MDS Alert

Government Updates:

Pay Attention to These CMS, OIG Changes

New rules and announcements affect nondiscrimination requirements and rights enforcement.

Various government offices are releasing information on changes large and small. Get the highlights you need to know, without scouring the internet, with this rundown.

Know These Nondiscrimination Rollbacks

If you updated your facility’s information, including the website, education materials, and more to reflect the Centers for Medicare & Medicaid Services (CMS) 2016 changes in nondiscrimination, you may need to adjust them once again.

The current administration may be rewriting those changes.

Why?  Back in 2016 CMS made a number of changes, including requiring providers to furnish “taglines” in the top 15 languages spoken by patients and addressing discrimination against transgender people seeking medical care and based on sex stereotypes.

Now, CMS, under the Trump administration, is pulling back those requirements. The previous final rule on the topic “introduced confusing and costly notice and tagline requirements that were not required by law, were inconsistent with tagline requirements required by other components of the Department and … provided relatively minimal benefit to [Limited English Proficiency] individuals,” CMS now says in a new proposed rule published in the June 14 Federal Register.

And the rule spends much time citing lawsuits, Department of Justice memos, and other materials that assert that gender or perceived gender is not a protected class against discrimination.

See the 50-page rule here: www.govinfo.gov/content/pkg/FR-2019-06-14/pdf/2019-11512.pdf. Comments are due by Aug. 13.

OIG Publishes Review of Unreported Incidents of Abuse or Neglect

The U.S. Department of Health and Human Services (HHS) Office of the Inspector General (OIG) conducted a review of Medicare claims for nursing home residents who went to an emergency room and received a “high-risk” diagnosis code in 2016, whether surveyors and facilities reported these incidents to appropriate law enforcement, and whether and how the Centers for Medicare & Medicaid Services (CMS) tracked and enforced tracking and recording these incidents. The OIG suspected that SNF residents were being neglected and abused but the situations were not being reported or properly tracked and recorded.

Their findings suggest that there have been multiple breakdowns in protocols by facilities, surveyors, and CMS.

“We determined that an estimated one in five high-risk hospital ER Medicare claims for treatment provided in calendar year 2016 were the result of potential abuse or neglect, including injury of unknown source, of beneficiaries residing in a SNF,” says OIG in a Report in Brief.

“We determined that SNFs failed to report many of these incidents to the Survey Agencies in accordance with applicable Federal requirements.

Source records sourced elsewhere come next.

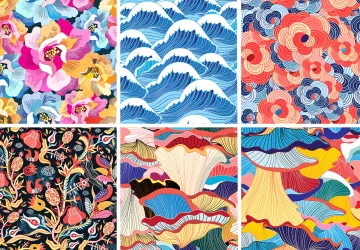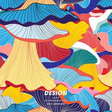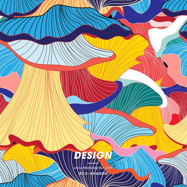 图穷联素材库 » 手绘东方中式中国风日式海浪纹理涂鸦蘑菇中式底纹矢量背景图案素
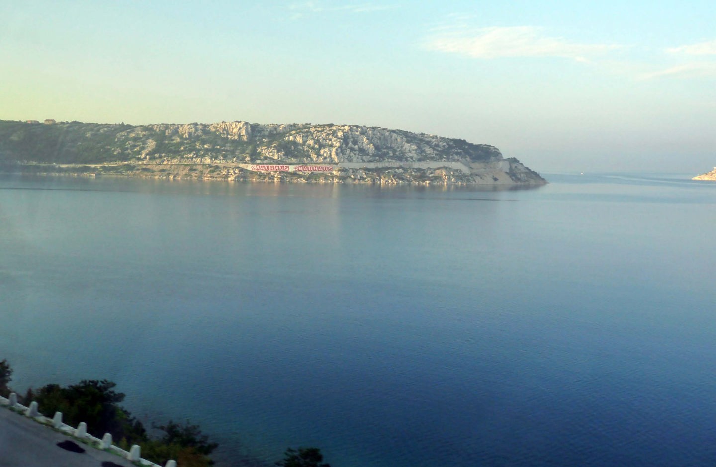 アドリア海のクロアチア領には1千もの島々が点在しています。いずれも石灰岩がむき出しの痩せた島のようでした。幸い今日も晴天で、アドリア海は驚くほど凪いで居ました。 |
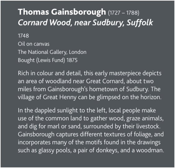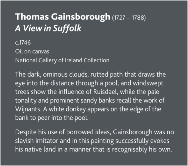 But before doing so we might examine another painting in the exhibition (partly because I love it so and especially its white donkey supervising the whole) which is A View in Suffolk (1727 – 1788). Here is a collage of painting, detail there from and the label from the exhibition.
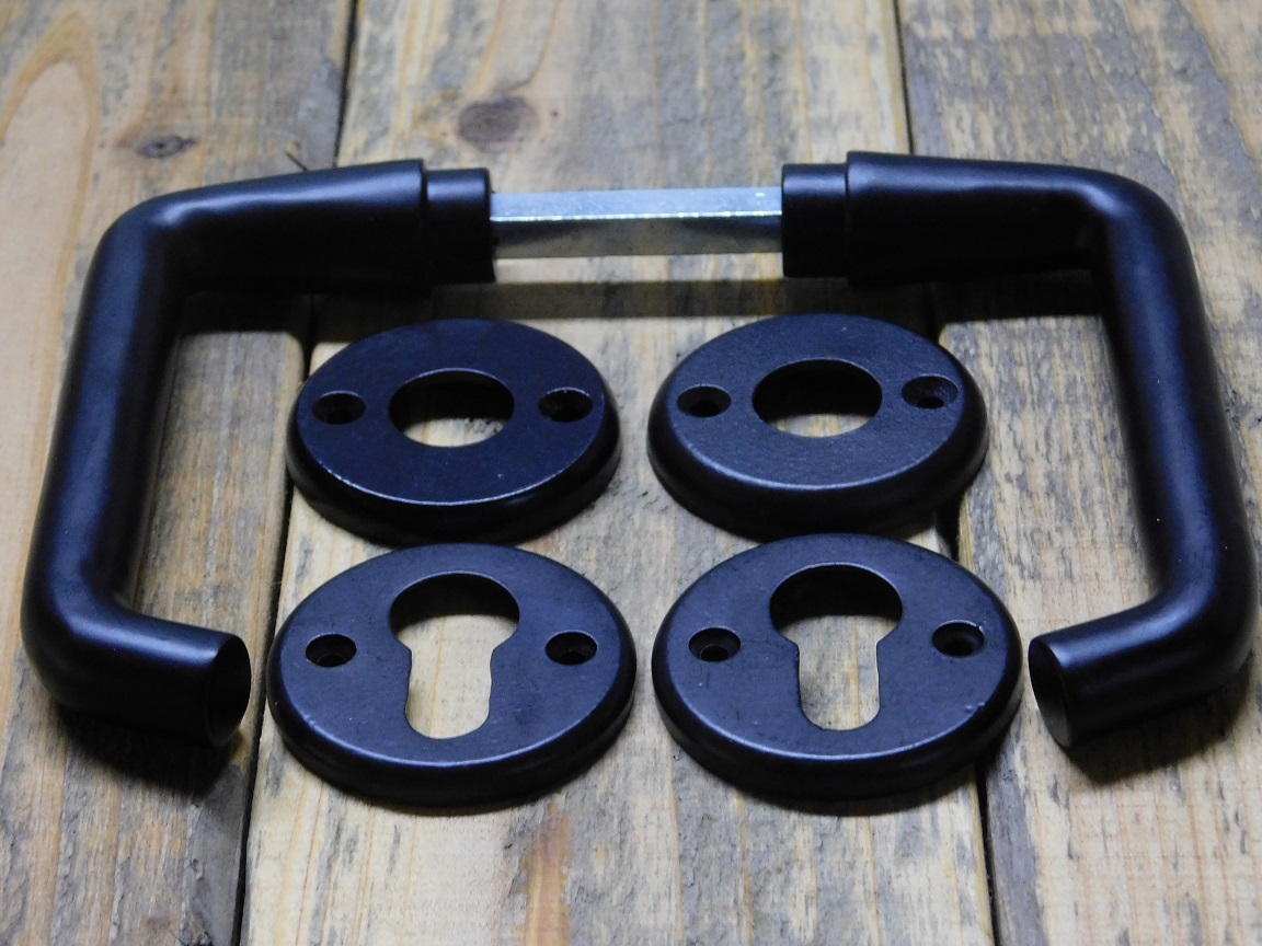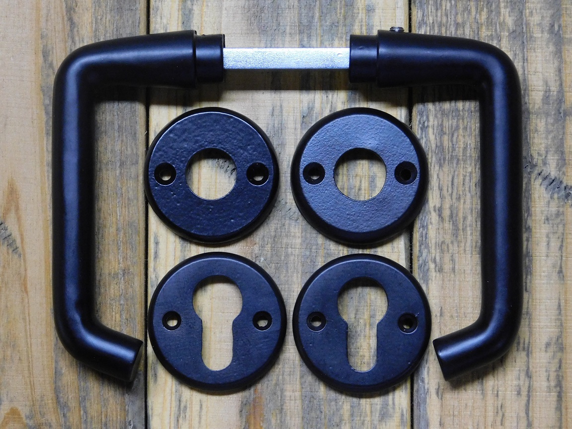 Set Türgriffe mit runden Rosetten + Schlüsselrosetten PC - Mattschwarz - Alu
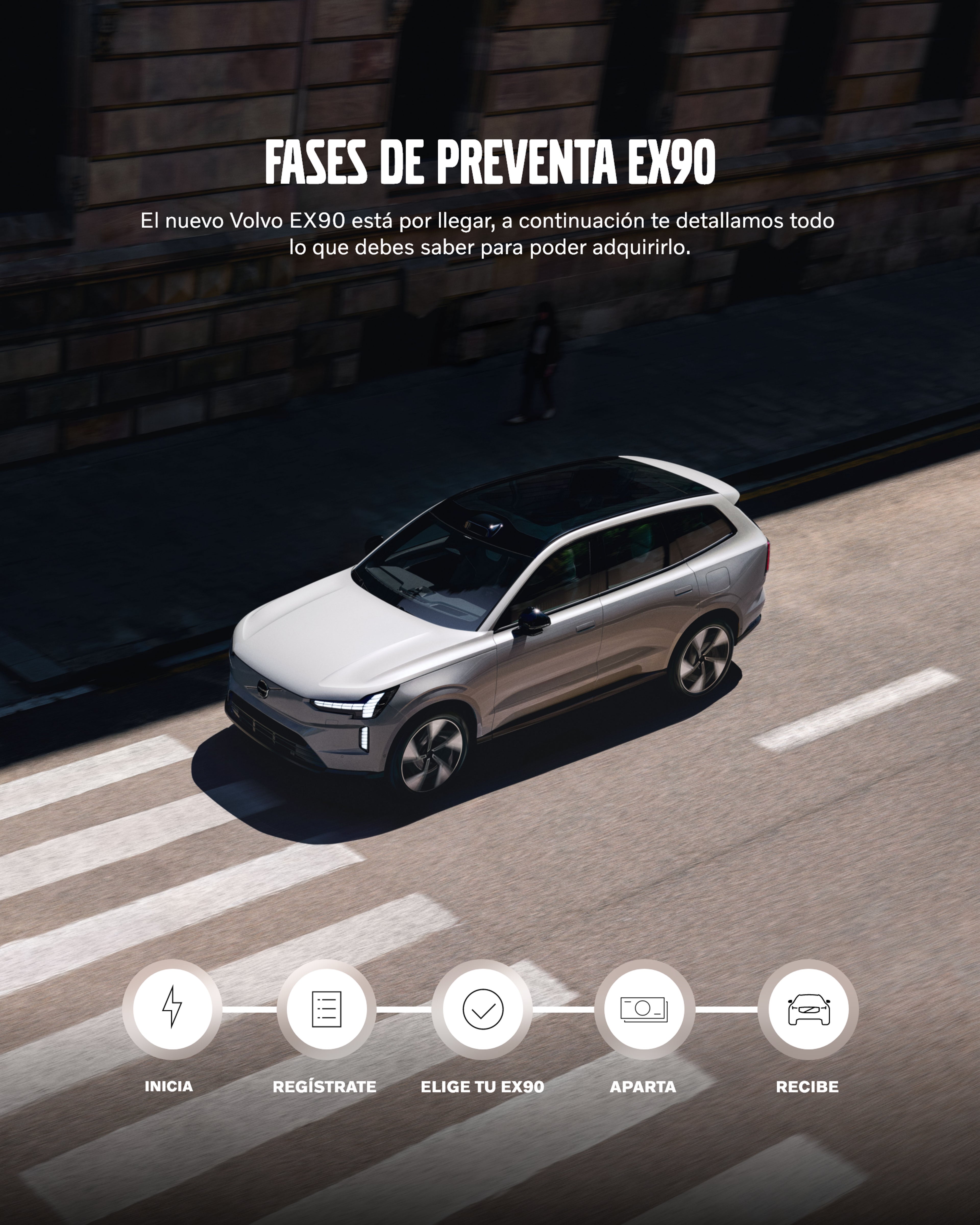 En esta etapa, conoce y resuelve todas tus dudas sobre el nuevo Volvo EX90 100% eléctrico. Deja que te acompañemos, inicia tu proceso dando clic en el botón.
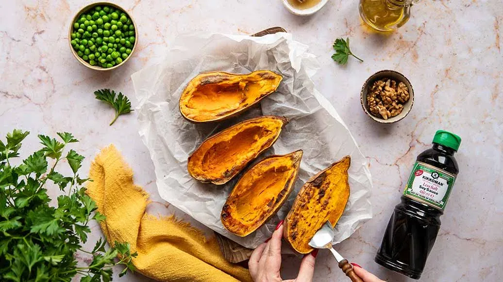 Boniatos horneados y rellenos con una mezcla de quinoa, kale y guisantes, acompañados de una salsa de yogur con miel y soja, y coronados con nueces. Una propuesta nutritiva y llena de matices, realzada por la Salsa de Soja con menos sal Naturalmente Fermentada Kikkoman.
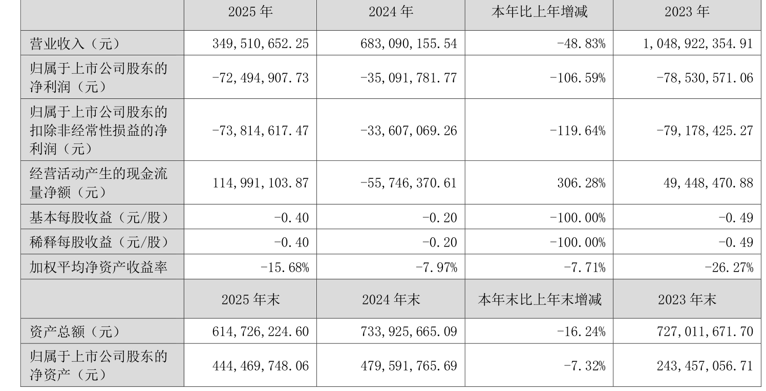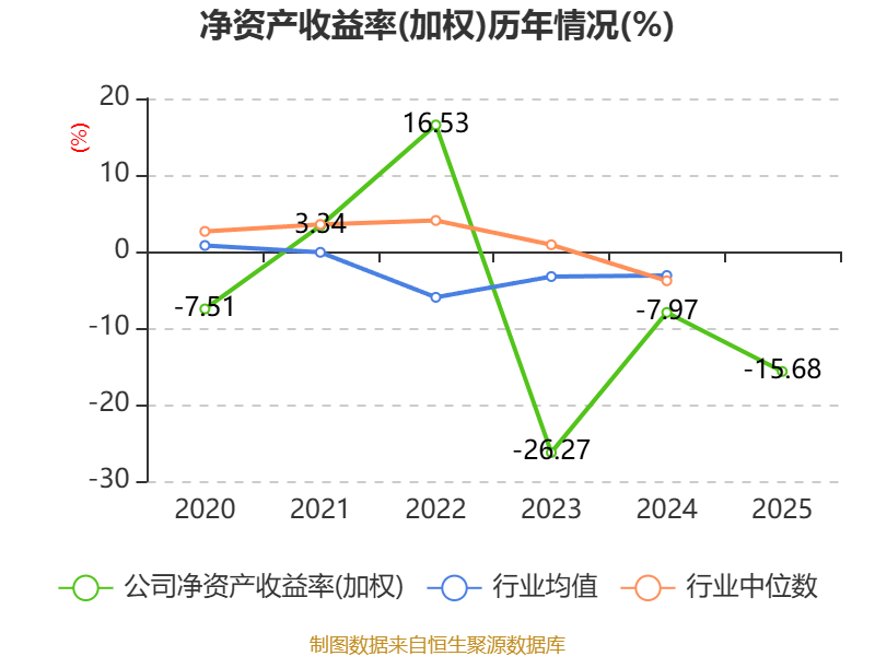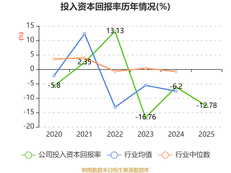 数据显示,2025年公司加权平均净资产收益率为-15.68%,较上年同期下降7.71个百分点。公司2025年投入资本回报率为-12.78%,较上年同期下降6.58个百分点。
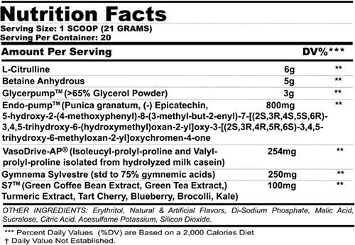 - Caffeine Anhydrous: May increase alertness, energy, and performance.
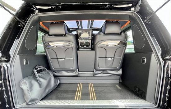 二排两张采用真皮软包的航空头等舱座椅,选用进行加宽,下沉处理的坐垫搭配脚托腰托以及三档的通风、加热、按摩等功能让您享受头等舱级别的乘座感受;并且三档的记忆功能能够让您在乘坐时仅需一键就能调整到最适合您的乘坐姿态。同时整车做了三层的隔音、降噪处理,搭配车内的隐私窗帘设计,让您在出行时有一个静谧、隐私的乘坐空间!
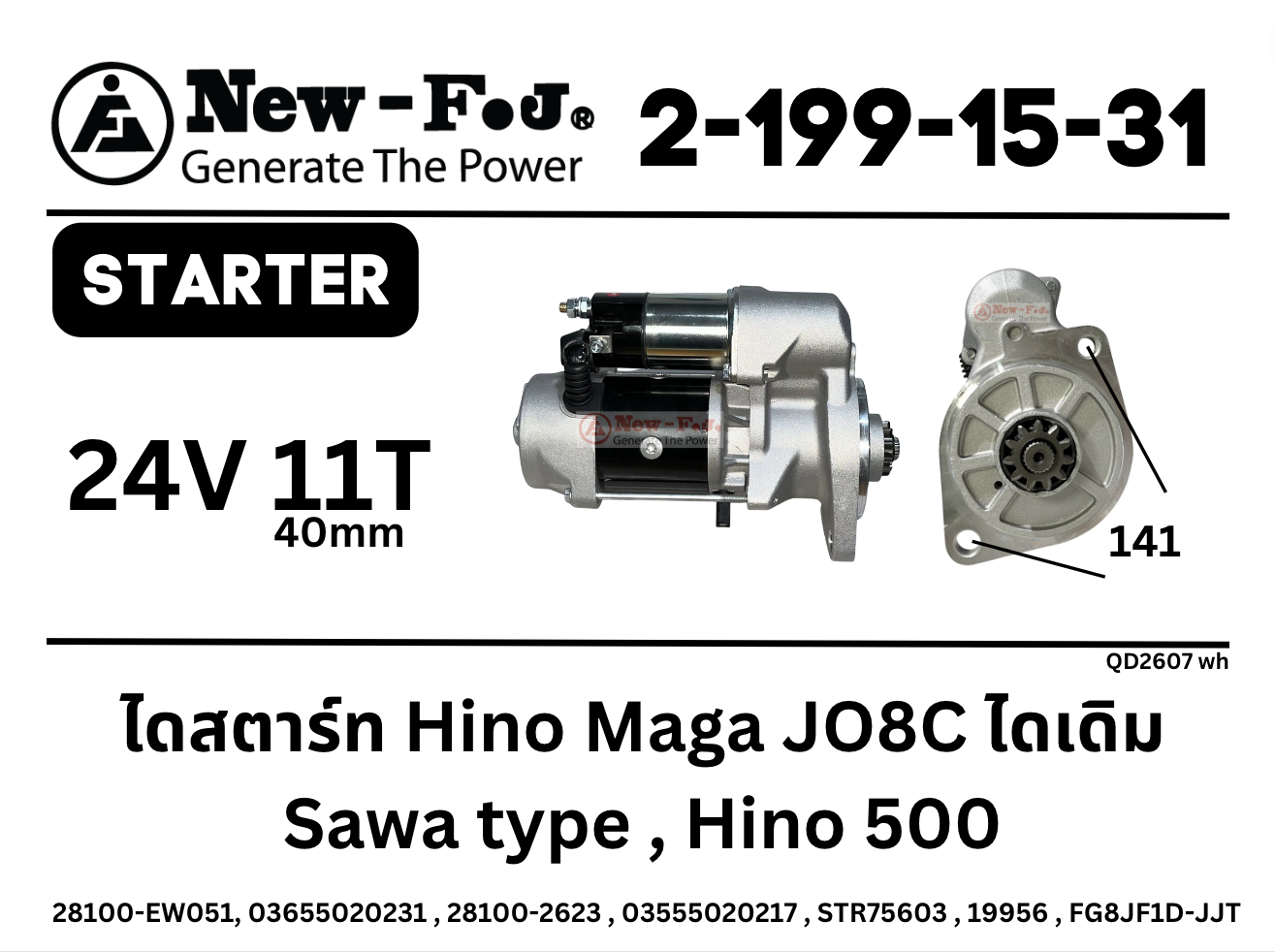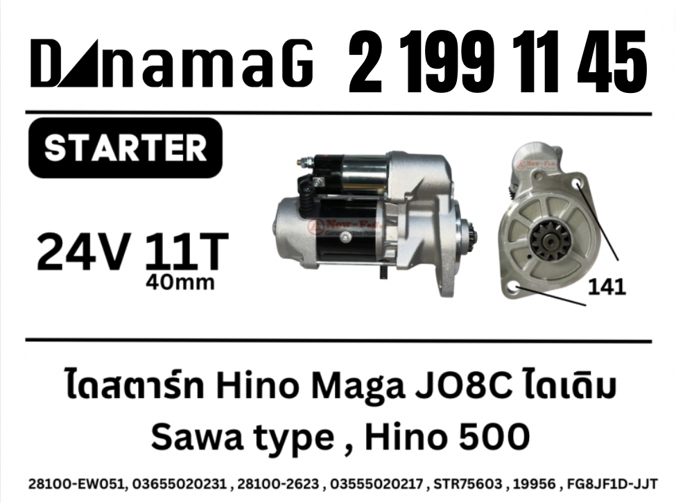 ไดสตาร์ท Hino Maga JO8C ไดเดิม SawaFuji 24V

We also determined that several Survey Agencies failed to report some findings of substantiated abuse to local law enforcement,” OIG says.

“Lastly, we determined that CMS does not require all incidents of potential abuse or neglect and related referrals made to law enforcement and other agencies to be recorded and tracked in the Automated Survey Processing Environment Complaints/Incidents Tracking System,” OIG says.

OIG added that CMS, surveyors, and facilities are all responsible for “preventing, detecting and combating elder abuse” and each must be accountable to make that happen.

CMS provided written comments on the OIG draft report, agreeing with the drafted recommendations, as well as providing details of which actions they have already taken and their plans for ensuring potential abuse or neglect of Medicare beneficiaries in SNF environments are identified and reported, OIG says.